Dhe is a bang in the German publishing industry, and one out of nowhere – apparently. S. Fischer gets a new publishing manager: Oliver Vogel. This is an old acquaintance in the traditional Frankfurt company, because until 2019 he was program manager for German-language literature at Fischer and, together with the then publishing director of S. Fischer Jörg Bong, something of a dream team in this area.
Then Bong left, and a successor was appointed in Siv Bublitz, who had only been in the company for two years and had a completely different idea of the publishing program than Vogel. Consequently, he was transferred to Berlin as head of the small local S. Fischer publishing office and finally left the company on January 1, 2022. Now he returns as its boss.
It is the admission of the Holtzbrinck publishing group, to which S. Fischer belongs, that the engagement of Siv Bublitz, a very experienced publisher, in 2017 was a mistake. She had previously managed the Ullstein Verlag in Berlin, and it had a completely different profile than S. Fischer: in Berlin, people were fixated on entertainment and on correspondingly large circulations.
It’s not that the latter wasn’t wanted by Fischer, especially under Bong – otherwise Bublitz wouldn’t have been hired in the first place with a view to Bong’s successor – but there, large editions should ideally be combined with high standards: in contemporary literature (about the There is no need to talk about the past: Franz Kafka, Thomas Mann, Virginia Woolf or Boris Pasternak are Fischer classics, to name just a few) and above all in the non-fiction book published after the Second World War by the publisher who returned from exile Gottfried Bermann Fischer was seen as an educational accompaniment to the democratization of Germany. The most famous example of this was the famous “Black Series” on Nazi history in 1977, long after Bermann Fischer’s retirement and the resulting transfer from S. Fischer to the Holtzbrinck Group in 1963.
An anecdote is circulating in the publishing house that after she arrived in Frankfurt, Siv Bublitz saw an old advertising poster in the hallway with a sentence by the founder of the publishing house, Samuel Fischer, which quoted his conviction that it was the task of a publishing house to bring the values closer to the public don’t want it at all. Bublitz is said to have said that that was the dumbest sentence there is; Instead, she herself made this statement: “In the past, a publisher shaped the program and was the face of the house. Today it is fundamentally different. I don’t see that as a loss, on the contrary.”
You can say what you want, but it was a break with tradition. With the tradition that the former publishing director Monika Schoeller referred to, who was in office from 1974 to 2002 and, as an eminence grise, controlled the fortunes of S. Fischer until her death in 2019. So she also put Bublitz in the saddle. Now her half-brother Stefan von Holtzbrinck has separated from Bublitz and appointed an old Schoeller confidant in Vogel.
Was it three lost years for S. Fischer? The program was slimmed down during this period, from five hundred titles a year (most of them paperbacks) to about three hundred. The declared goal was fewer books, each with larger editions. But the financial result was not convincing, especially in the context of the group, the other two literary heavyweights Rowohlt and Kiepenheuer & Witsch are reportedly better off.
In addition, in 2020 Bublitz separated the publishing house from its long-time author Monika Maron for political reasons. It damaged S. Fischer’s reputation more than Maron’s and may have triggered a rethink at the top of the group with regard to Bublitz’s leadership skills.

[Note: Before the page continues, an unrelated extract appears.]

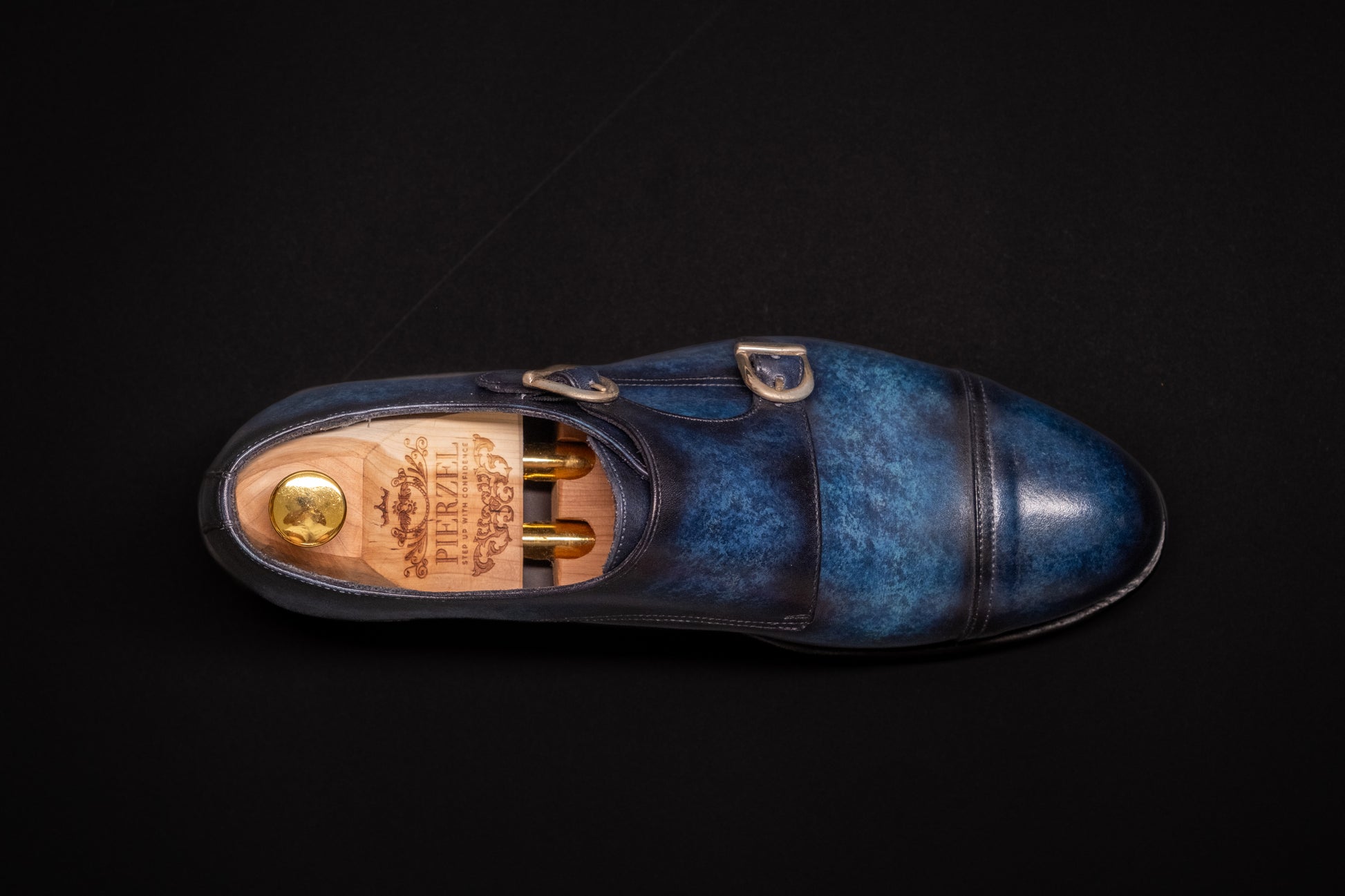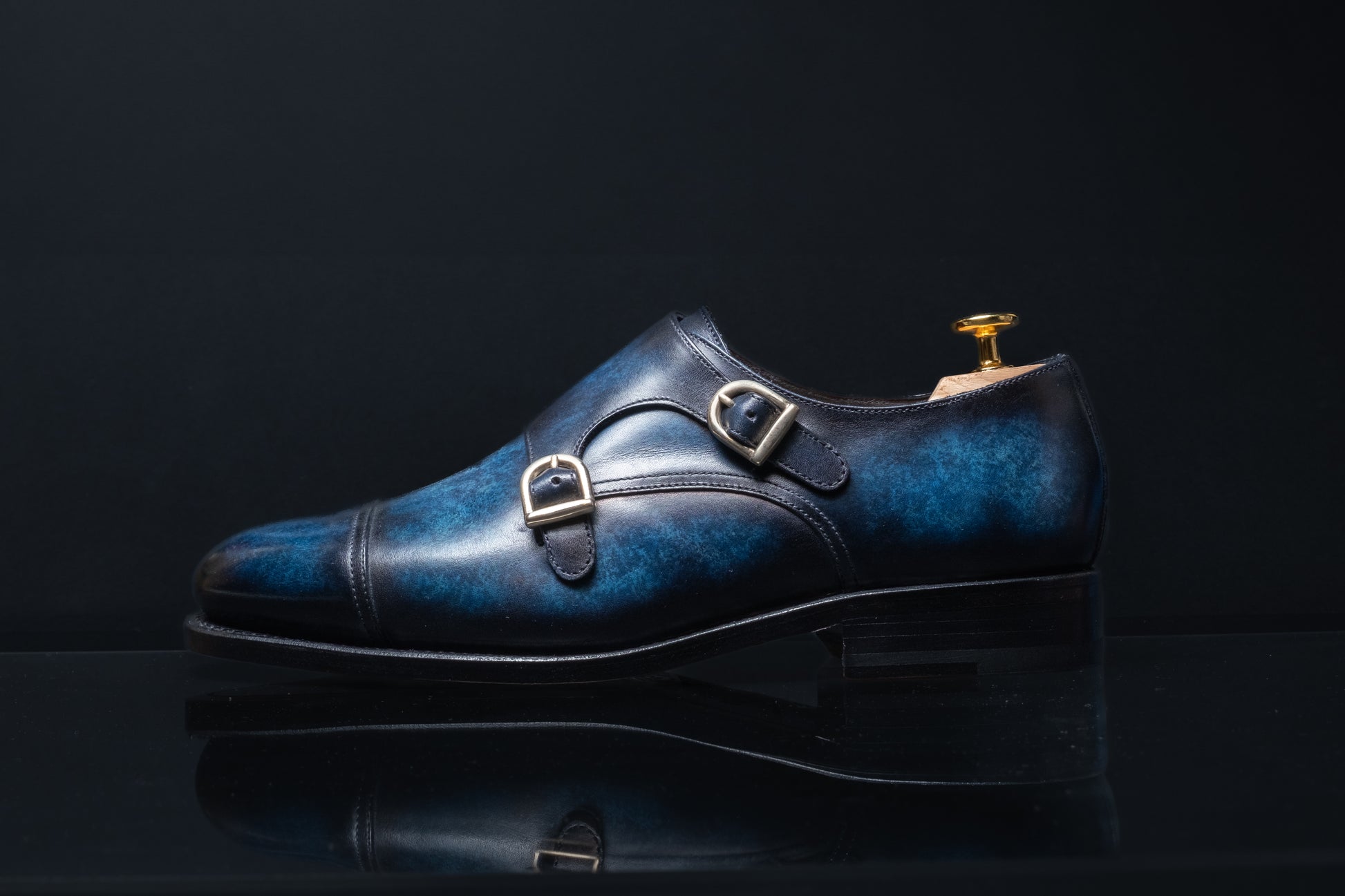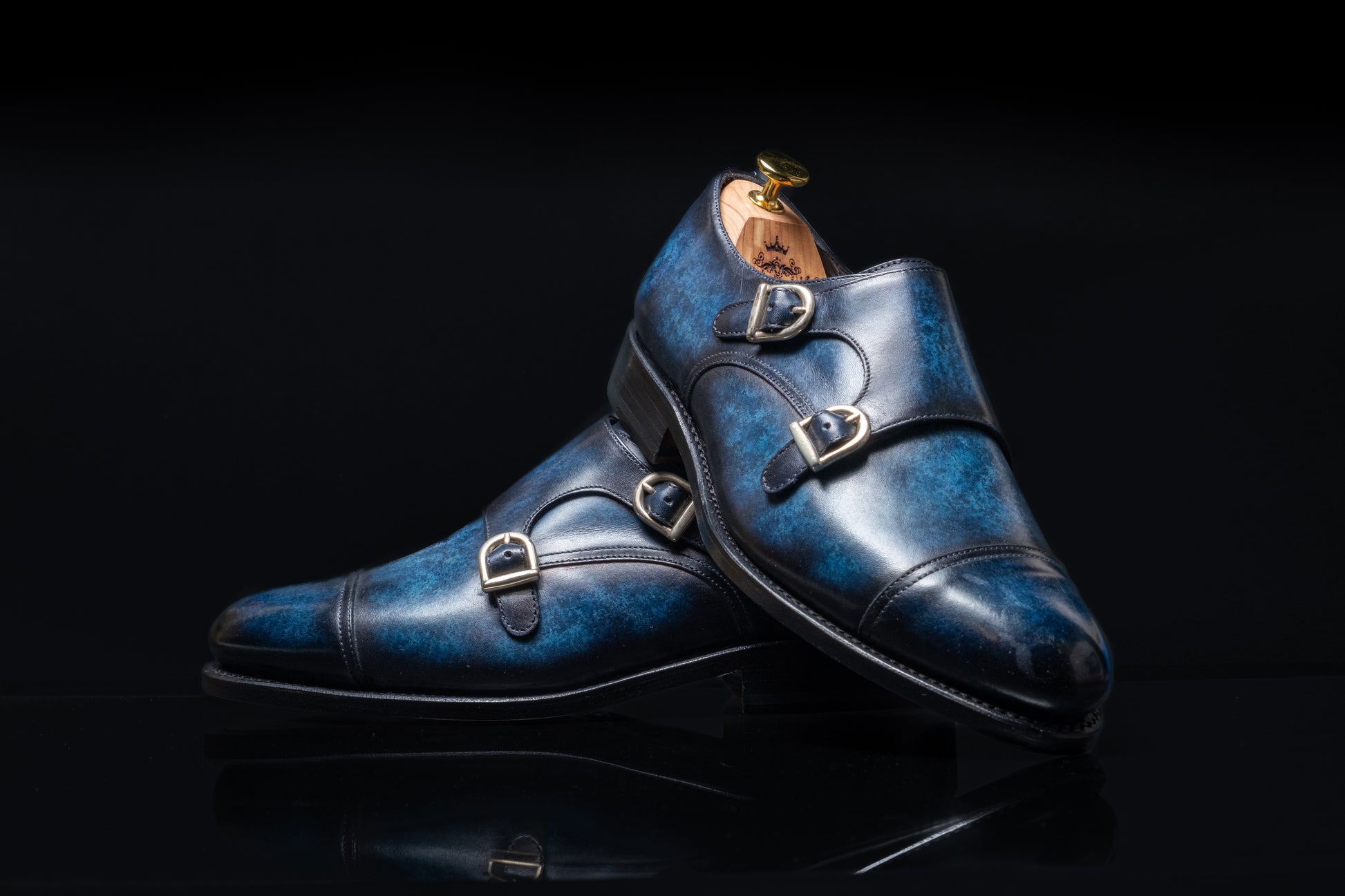 The Men’s Double Monk Dress Shoes embody refined elegance and timeless sophistication, making them a perfect choice for formal occasions. Crafted with precision, these shoes feature dual buckle straps that add a distinctive touch to their sleek design. Combining the structure of classic dress shoes with modern flair, the Men’s Double Monk Dress Shoes offer both style and versatility. With their clean lines, high-quality construction, and unique fastening, they are a standout option for any formal event, seamlessly elevating your ensemble. The Marquis Blue style features Double Monks that are meticulously hand painted using our unique marble patina technique, showcasing various tones of blue colour.

At that time, Vogel, who had moved to Berlin, had just submitted his notice to the publisher, which then took effect at the end of 2021. He then went to the Graf und Graf literary agency – for a few months, which in turn will not cause much joy there. And now he’s going to be the boss instead of the boss he left for. He will have to come back to Frankfurt with full commitment.
Because it will not be easy for him as the new desired boss of the group management. Vogel is considered to be a very competent and pleasant publishing person with a clear preference for content. But just because with Bublitz a more organizationally thinking publisher has now failed, this challenge will not be significantly less for him. And in public it will be said: Once again a woman has been pushed aside in the German literary scene in favor of a man. And one who is just six years younger; both belong to the generation that is gradually turning towards the target grades of their professional careers.
The expected would have been the election of a younger person. There is no lack of excellent candidates – and candidates. Irrespective of the question of age: If the public debate is always about the fact that gender should not play a role in career paths, then this also applies to failure. Oliver Vogel’s succession to Siv Bublitz is not a patriarchal conspiracy. Unless you see the obligation to the founding fathers of the house (and Monika Schoeller!) as such. It’s mostly an attempt to turn back time. That is daring, but gratifying in terms of what a publishing house should have to give to a society. Completely independent of the people.